Tuesday, July 31, 2007

Stock Market Meltdown

As I discussed in the Virtual Office link, the market is currently in meltdown mode.

If you are a daytrader or a swing trader it doesn't really matter why the market is melting down, you're just happy to see some volatility again.

But I have to say, while I had a nice day, the morning completely sucked and I gave back a good chunk of change when it looked like the market was going to bounce at around 2:45.

If you haven't noticed, 2:45 is a very important time... Everyday, at 2:45 the market moves and I don't know why. If someone does know, please fill us all in via the "comments" section.

So it was a wild day of trading with big gains but also big losses. Such is trading when the stock market is a volatile beast.

My best stock of the day was AG.

I got short at 10:21 when it looked like the market was weakening and the stock couldn't recapture the highs of the morning. It worked out to be the perfect time but unfortunately, I covered most of the shares somewhat early, in the mid $38 level. The rest I covered just around $37.50. I made over $1200 in the stock.

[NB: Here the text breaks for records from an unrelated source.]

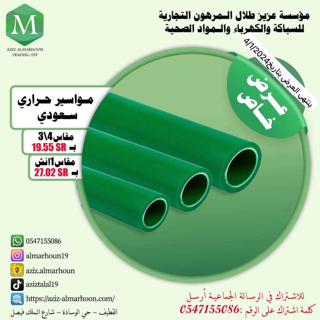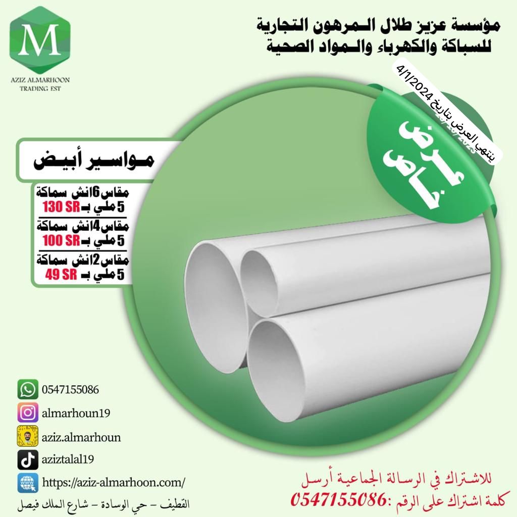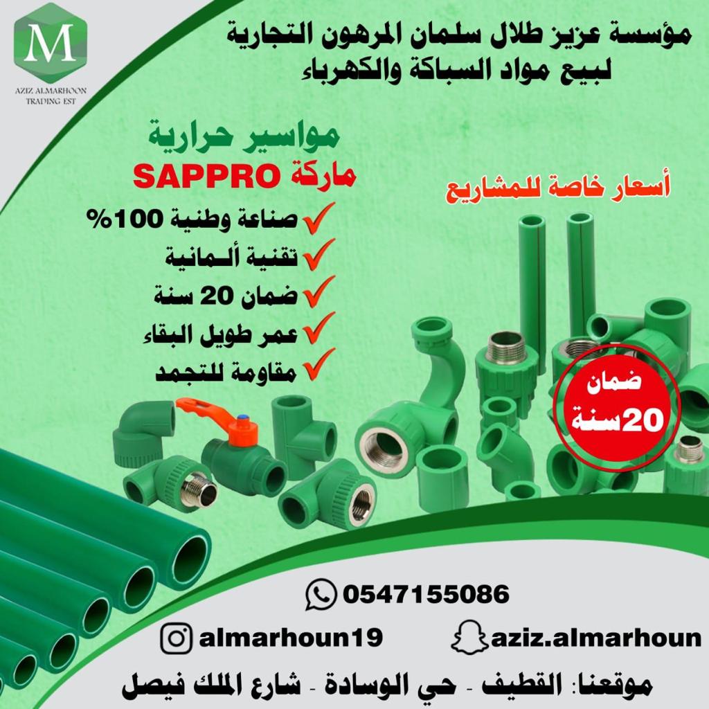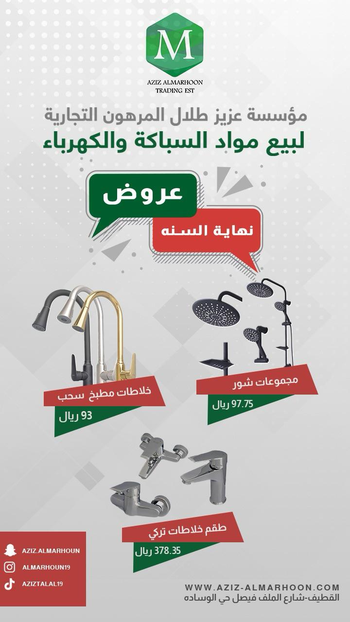 «مؤسسة عزيز طلال المرهون التجارية» لجميع أدوات السباكة والكهرباء
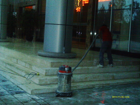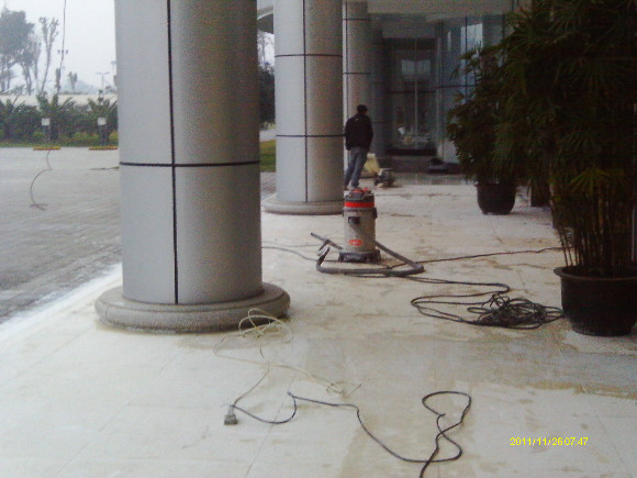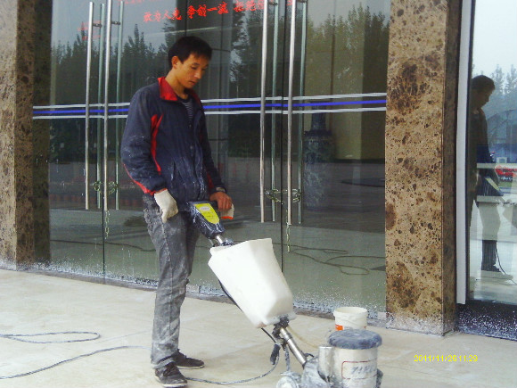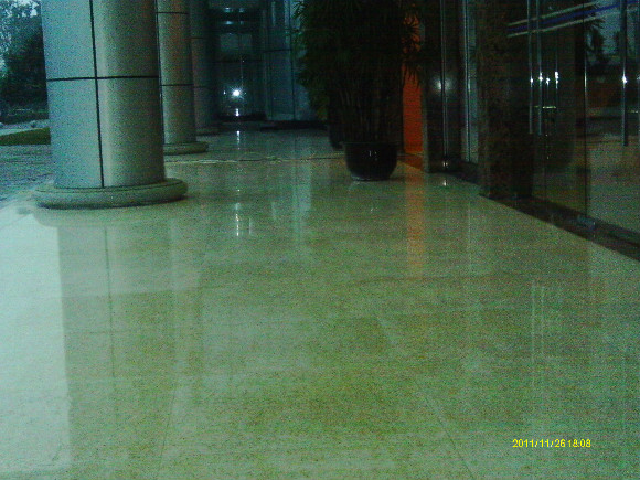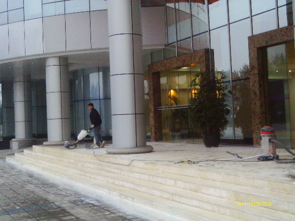到了70年代末,一種可塑性水溶性結(jié)晶聚合物的誕生,亦即是現(xiàn)今常說的水蠟,進(jìn)化了石材護(hù)理的歷史,可以利用這種物質(zhì)對不同材質(zhì)的大理石進(jìn)行護(hù)理。分底蠟(封蠟),面蠟(拋光蠟)及保養(yǎng)蠟(日常修補蠟)是對大理石的塑層進(jìn)行保護(hù)并利用高速拋光來增亮,對石材的保護(hù)起到一定的作用。但是這種水蠟不足之處是蠟層的硬度有限,稍欠保養(yǎng),腳步帶進(jìn)的塵土將很容易把蠟層及石材磨花。同時,遇上雨水季節(jié),因室外雨水塵埃會有一定的雜質(zhì),通過人的腳步帶進(jìn)后,對蠟層的分子組成將造成一定的影響。直觀看到是蠟層變黃及缺光澤,也就是以后常見到的許多客戶為什么須經(jīng)常將腐蝕的蠟層用起蠟水脫去,再重新分工序打上底蠟和面蠟,每次的工作量及耗用的物料較大,這種工藝現(xiàn)市場上很普通,我們稱為石材打蠟第二代。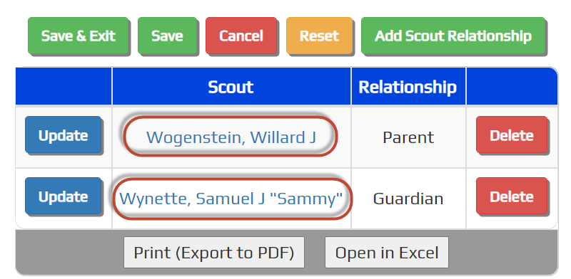 When you update an adult from the Active Adults page, you may now go directly to that person's scouts from the Relationships grid at the bottom of the page, as shown here: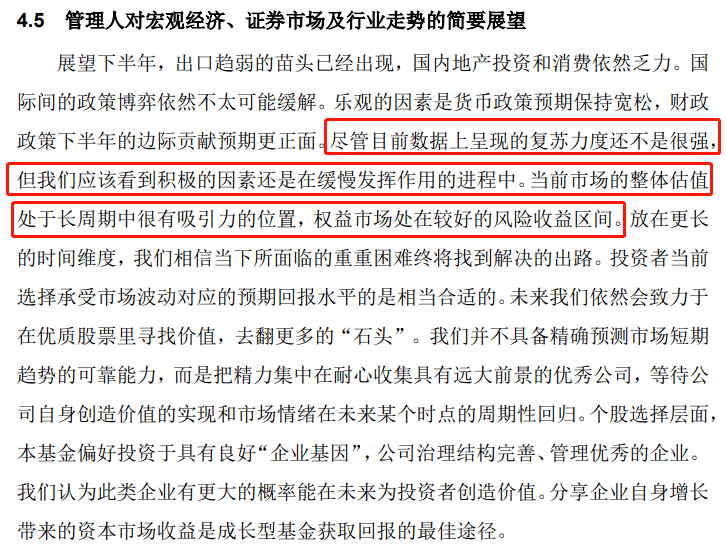 半年报中,周海栋说了自己对下半年行情的判断: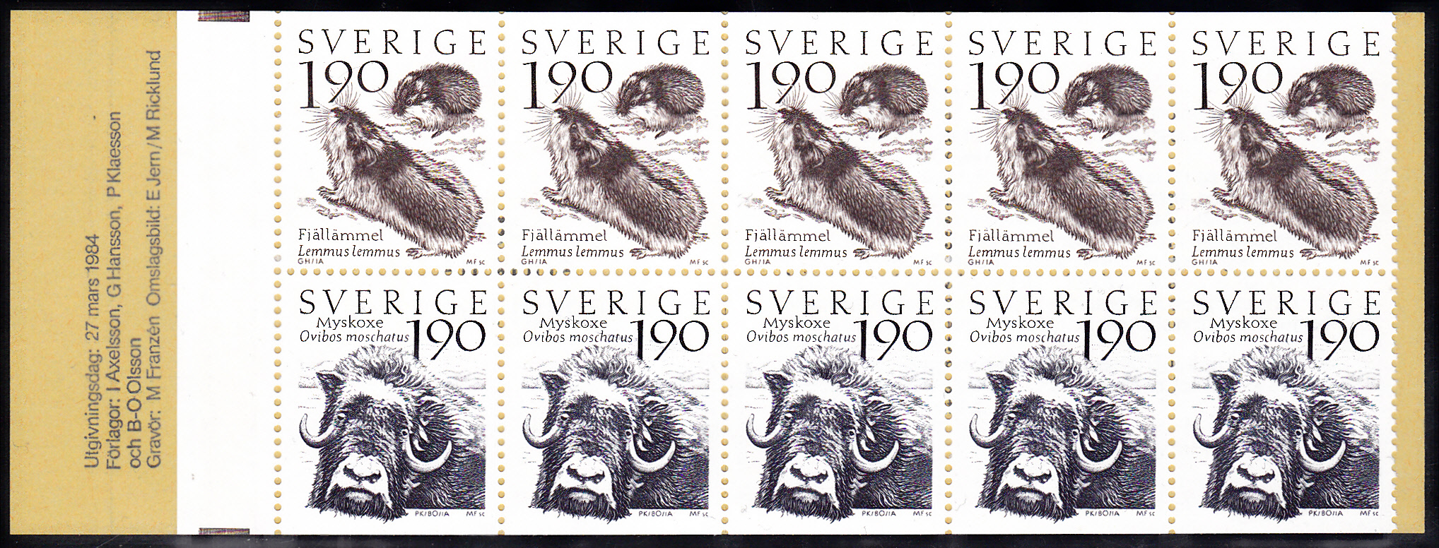 Auf dieser Marke aus Schweden (MiNr 1272) sind zwei Berglemminge zu sehen.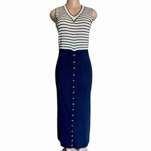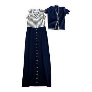 St.John knits Navy Blue and cream Button-Down Maxi dress with cardigan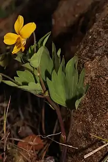 Viola lobata is a species of violet known by the common name pine violet. It is native to western North America from southern Oregon through California and into northern Baja California, where it occurs in mountain ranges and foothills. It grows in woodlands and other habitat. This rhizomatous herb produces an erect stem a few centimeters tall or growing to nearly half a meter in maximum height. The leaves have variously shaped blades borne on long petioles. The blades are 5 to 15 centimeters wide and may be hairless, hairy, or waxy in texture. The leaf blades are often divided into narrow lobes or dissected into small segments. The shape of the leaf blade differentiates the two subspecies; ssp. lobata has dissected leaves and ssp. integrifolia has entire or toothed blades. A solitary flower is borne on a long, upright stem. It has five yellow petals, all five or just the lower three with purple or brown veining and the upper two stained with purple or brown on the outer surfaces.
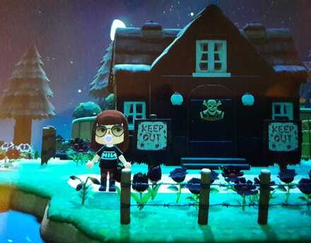My 5 star WIP island, Aniville, has a haunted house (Halloween is less than 100 days away!), a 90s Hot Topic basement, and a Dunkin Donuts by a pretty cool barcade - be sure to check out the TVs there (to your immediate right from where you wake up) to catch a fun surprise broadcast at 3:33am (a couple of minutes if this works) (Would love to visit a spooky, gothy, creepy, rockin' island if you got 'em!) DA-3944-5250-2664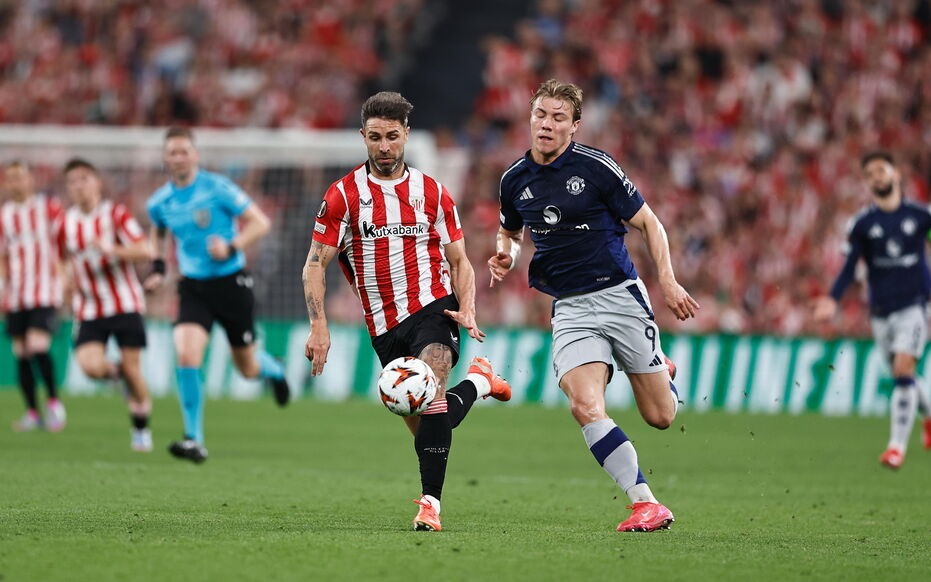 Yeray Alvarez đua tốc độ với Rasmus Hojlund (số 9) trong trận bán kết lượt đi Europa League ngày 1/5. Ảnh: AFP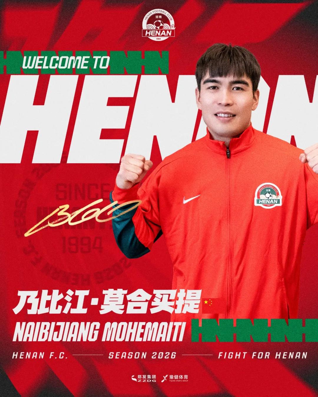 經(jīng)北京國安足球俱樂部與河南足球俱樂部協(xié)商一致,球員乃比江·莫合買提租借加盟河南俱樂部,租借期至2026年12月31日。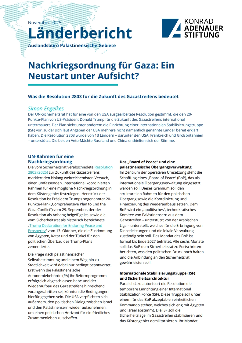 가자지구 전후 질서: 감독 하의 새로운 출발?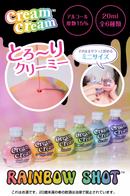 容量20ml、アルコール度数15%でそのままショット感覚で飲めるとろ~りクリーミーな次世代クリームリキュールです。目を引くキュートなフォルムで可愛らしい小瓶を採用いたしました。フレーバーはラズベリー、マンゴーオレンジ、バナナ、ライムチーズケーキ、アイスミント、ブルーベリーの6種類展開です。小瓶を並べると虹色に彩る「レインボーショット」は華やかで写真映え間違いなし。みんなと飲み比べも楽しめます。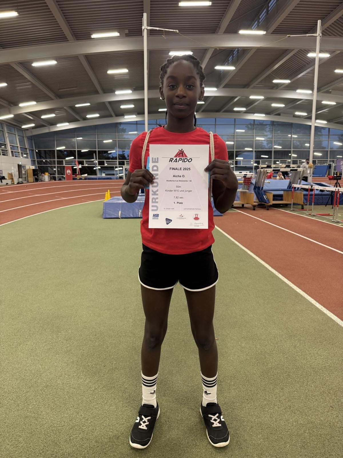 Am 15. Oktober 2025 nahm Aicha in der Leichtathletikhalle Hamburg am Talentsichtungswettbewerb „Rapido“ des Hamburger Leichtathletikverbandes teil – und überzeugte mit einer herausragenden Leistung.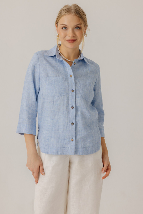 Блузка из льна 21-03 голубой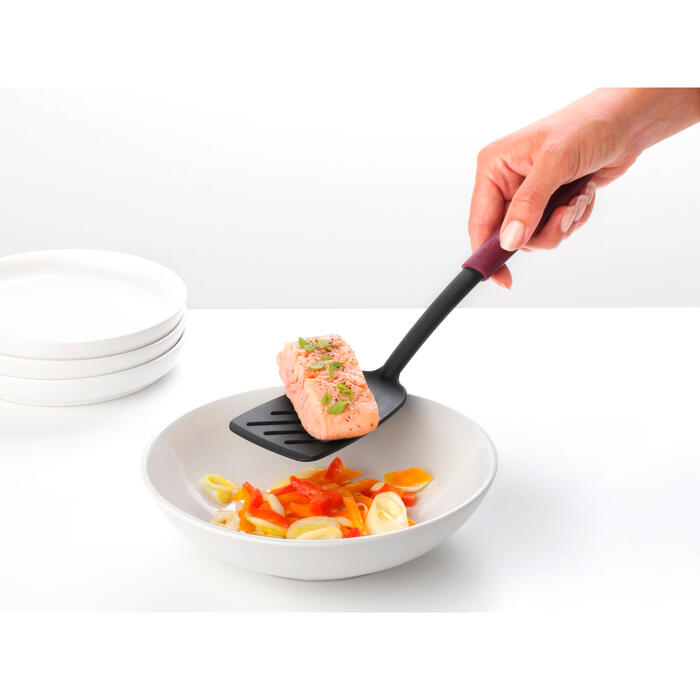 Olas, burgeri, grilēti baklažāni... apgrieziet tos un pasniedziet ar šo Brabantia Tasty+ lāpstiņu. Šai izturīgajai lāpstiņai ir spraugas, caur kurām tauki var viegli iztecēt. Un tas ir izgatavots no elastīga neilona, tāpēc tā ir droša jūsu nepiedegošajiem virtuves traukiem. PRODUKTA APRAKSTS Ērts – ergonomisks dizains. Veselīgāk – ar speciālām spraugām lieko tauku novadīšanai. Viegli uzglabājams - pakarināmā cilpa. Nesaskrāpē – izgatavots no elastīga neilona, ideāli piemērots nepiedegošajiem virtuves traukiem. Viegli tīrāms - mazgājams trauku mazgājamā mašīnā. Karstumizturīgs - max 220°C/448°F. Lietošana bez problēmām - 5 gadu garantija un serviss. Ilgtspējīgāka izvēle – 100% pārstrādājama pēc lietošanas. Daļa no Brabantia Tasty+ krāsu kolekcijas. SPECIFIKĀCIJAS Nepiedegošs materiāls 5 gadu Brabantia garantija Materiāls: Plastika Drošs mazgāšanai trauku mazgājamā mašīnā Svars: 48g Izmēri: 29.3cm x 3.5cm x 7.2cm Гарантия продавца: 24 месяца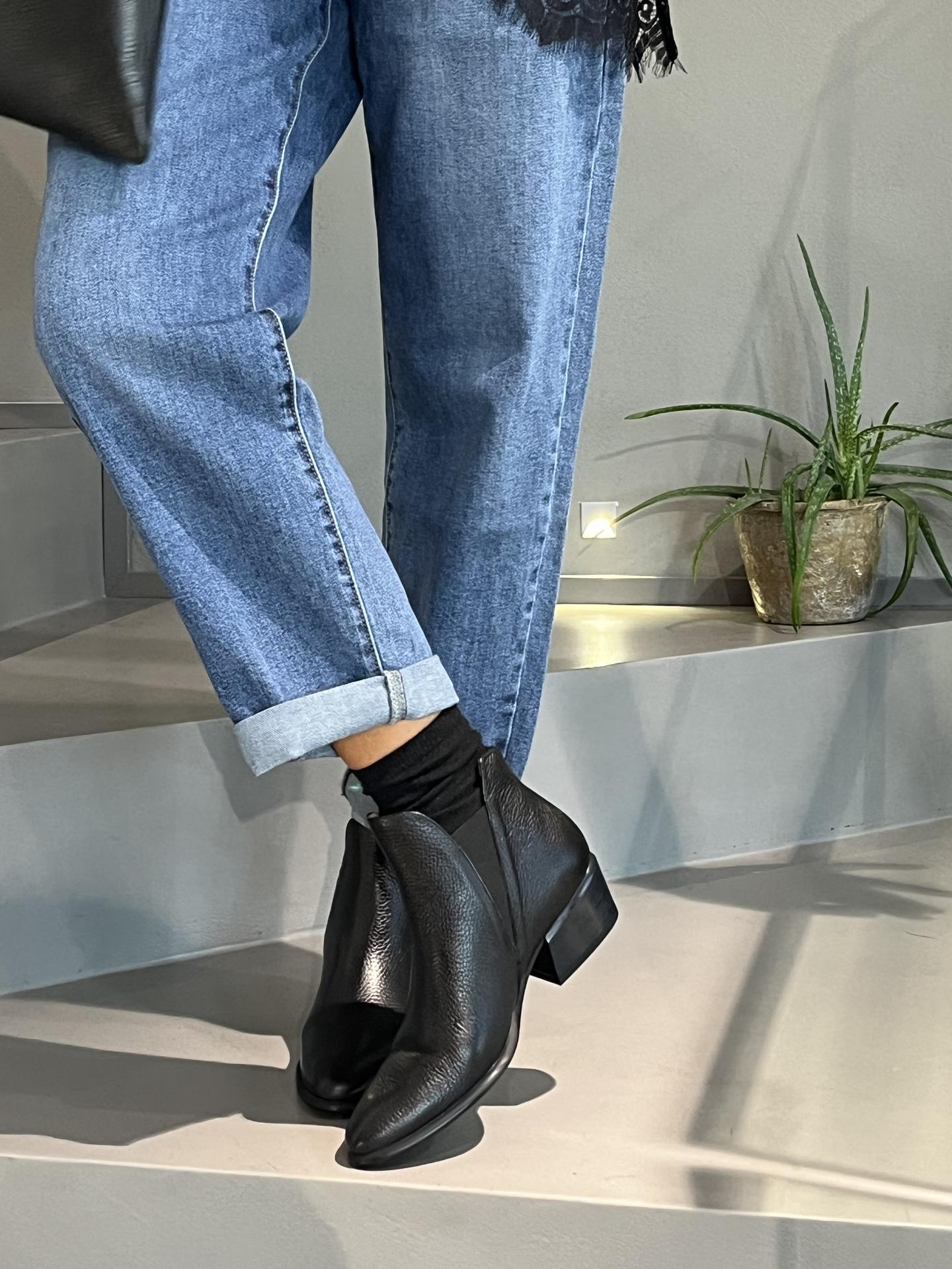 STIVALETTO IN PELLE CON INSERTI ELASTICI SU AMBO I LATI. TACCO 45, FONDO GOMMA. MADE IN SPAIN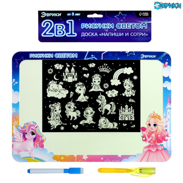 Набор для рисования светом «Принцессы» + доска напиши и сотри, ручка с фонариком, маркер

My second best stock, ITU, was at one point, a huge winner for me that I gave a lot of money back on during the 2:45 squeeze.

At around 1:45 I noticed that UBB another large Latin American bank stock, was getting smacked around. I took a look at ITU and saw it still trading up. With the market just beginning to melt, I started getting short. I got heavily short (for me) and sold about 2500 shares between $47 and $46.80. The stock dropped quickly to $46.50 and then bounced back up to the $46.80 level. Then, it dropped hard to the "unched" level on the day. I covered some here, but not enough and the stock ripped back over $46.50. This is where I screwed up, covering most of my position.

In retrospect, this was a boneheaded move. The problem was that I had a lot of trades on and at that particular time, I was getting squeezed in most of them. I didn't even take a look at the chart... I just covered and made only a little on my initial trade. The stock dropped from here on out, and I got short again, but with a smaller position.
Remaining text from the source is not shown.